This is where things start to get a little bit more complicated.
We deal with corner cases with early returns, the first being a test for infinities and NaNs. If the difference between the leading digits isn't finite then one or both of them is an infinity or NaN. If the leading digits are unequal we return the difference, otherwise we return zero. This is necessary because the difference between two equal infinities is NaN rather than zero.
Next, if the bignums have different numbers of digits we return the result of comparing the leading digit of the larger with zero in the position of the smaller; i.e. either d0-0 or 0-d1.
Now that we have two bignums of the same number of digits, all we need to do is find the first digit at which they differ, if they differ at all that is. We've already calculated the difference between the leading digits and if it's not zero we simply return it. If it is, we iterate over all of the remaining equal digits to get the index of the first digit at which the bignums differ. If we reach the end of the digits without finding a difference, the bignums are trivially equal and we return zero. Otherwise we return the difference between the digits we found. Crucially we must multiply them by the signs of the leading digits, which must be the same at this point, since trailing digits do not have signs in our implementation.

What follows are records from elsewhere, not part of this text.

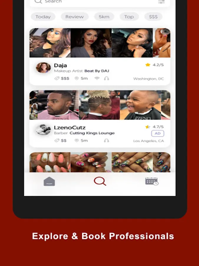 Taper is a resource for customers to discover and book barber and beauty professionals at their fingertips. Services can include Haircuts, Shaves, Treatments, Weaves, Braids, Pedicures, Manicures, Twists, Natural, Nails, Eyebrows, Lashes, Waxing and Makeup. Customers can: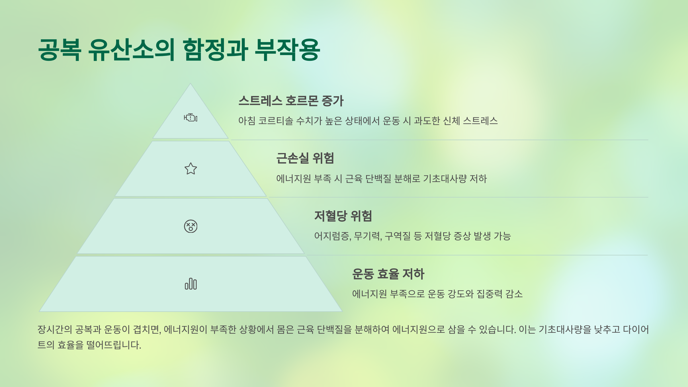 공복 유산소는 도구일 뿐이며, 그것만으로 체중을 줄이거나 건강을 챙길 수는 없습니다. 오히려 무리한 실천은 탈진, 근손실, 호르몬 불균형 등 부작용을 불러올 수 있습니다. 나에게 맞는 방식으로 조절하고, 체계적으로 실천하는 것이 최고의 전략입니다.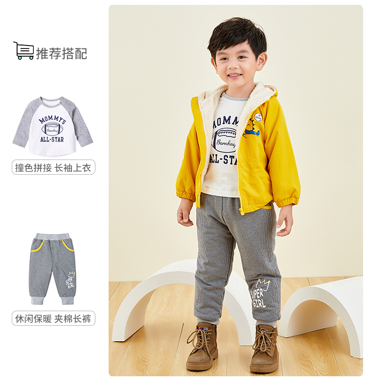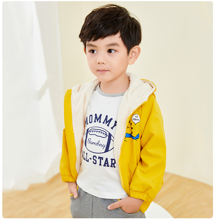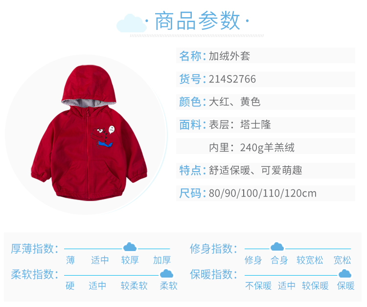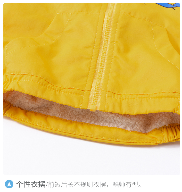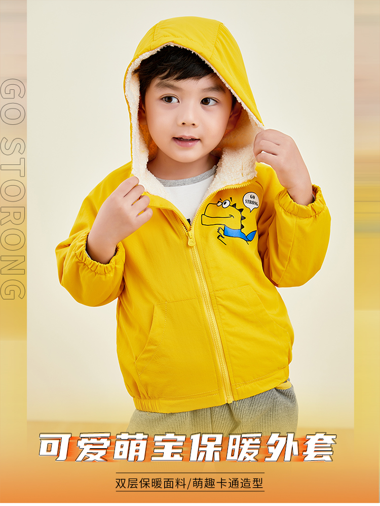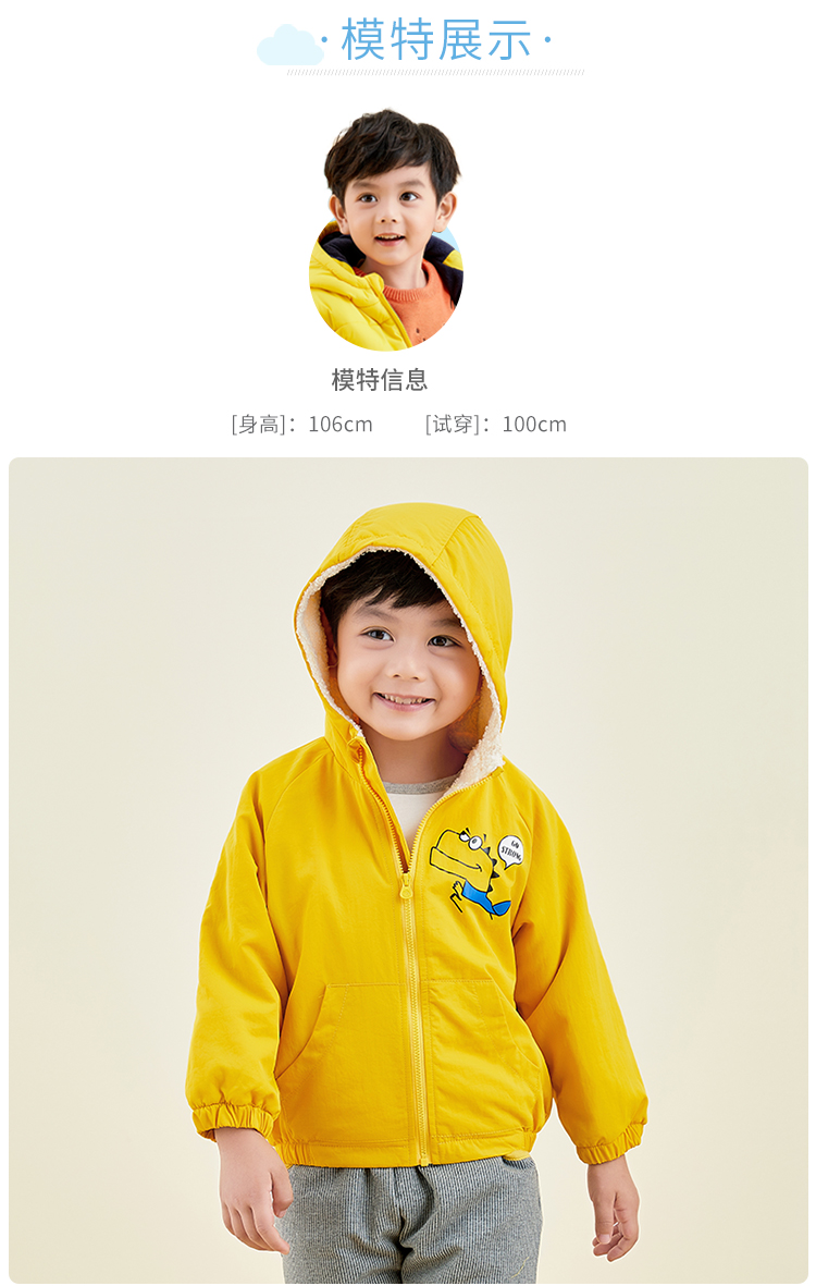 贝贝怡恐龙卡通男女童秋冬加绒加厚保暖连帽外套214S2766

Continuing in order of complexity we come to addition and subtraction, with ak.add shown in listing 12.

Listing 12: ak.bignum add
function add(b0, b1) {
 var n0 = b0.size();
 var n1 = b1.size();
 var d0 = b0.at(0);
 var d1 = b1.at(0);
 var s0 = d0<0 ? -1 : 1;
 var s1 = d1<0 ? -1 : 1;
 var sum;

 if(n0===1) {
  if(n1===1) return ak.bignum(d0+d1);

  if(d0===0) return b1;
  if(!isFinite(d0)) return b0;
 }

 if(n1===1) {
  if(d1===0) return b0;
  if(!isFinite(d1)) return b1;
 }

 if(s0===s1) {
  sum = n0>n1 ? addAbs(b0.toArray(), b1) : addAbs(b1.toArray(), b0);
 }
 else {
  if(n0===n1) n0 += cmpAbs(b0, b1);
  if(n0!==n1) sum = n0>n1 ? subAbs(b0.toArray(), b1) : subAbs(b1.toArray(), b0);
  else        sum = 0;
 }

 return ak.bignum(sum, n0>n1 ? s0 : s1);
}
ak.overload(ak.add, [ak.BIGNUM_T, ak.BIGNUM_T], add);

We deal with the corner cases first again. First of all, if the both arguments have one digit we construct a bignum with their sum (recall that the sum of two decimal integers is exactly representable so we don't need to worry about rounding here). If just the first argument has one digit then if it is zero we return the second argument and if it isn't finite we return the first. We then perform these steps for the second argument.
If both arguments have the same sign then we compute the sum of their absolute values (in-place on an array of the digits of the argument with more of them) with a call to addAbs, which I'll describe later. If not we determine which argument has the greater absolute value. This is trivially done by comparing the number of digits if they are not equal. If they have the same number of digits we adjust the first count with an absolute version of the comparison function, cmpAbs. We then in-place subtract the absolute value of the smaller from that of the larger with subAbs.
Finally, we use the sign-switching array constructor to adjust the sign of the result. Note that the second argument is ignored if the result is the number zero rather than an array.

The absolute comparison function is more or less the same as cmp as shown in listing 13.

Listing 13: ak.bignum cmpAbs
function cmpAbs(b0, b1) {
 var d = Math.abs(b0.at(0)) - Math.abs(b1.at(0));
 var n, i;

 if(d!==0) return d;

 n = b0.size();
 for(i=1;i<n && b0.at(i)===b1.at(i);++i);
 return i<n ? b0.at(i)-b1.at(i) : 0;
}

Absolute addition is a little more complex, as shown in listing 14.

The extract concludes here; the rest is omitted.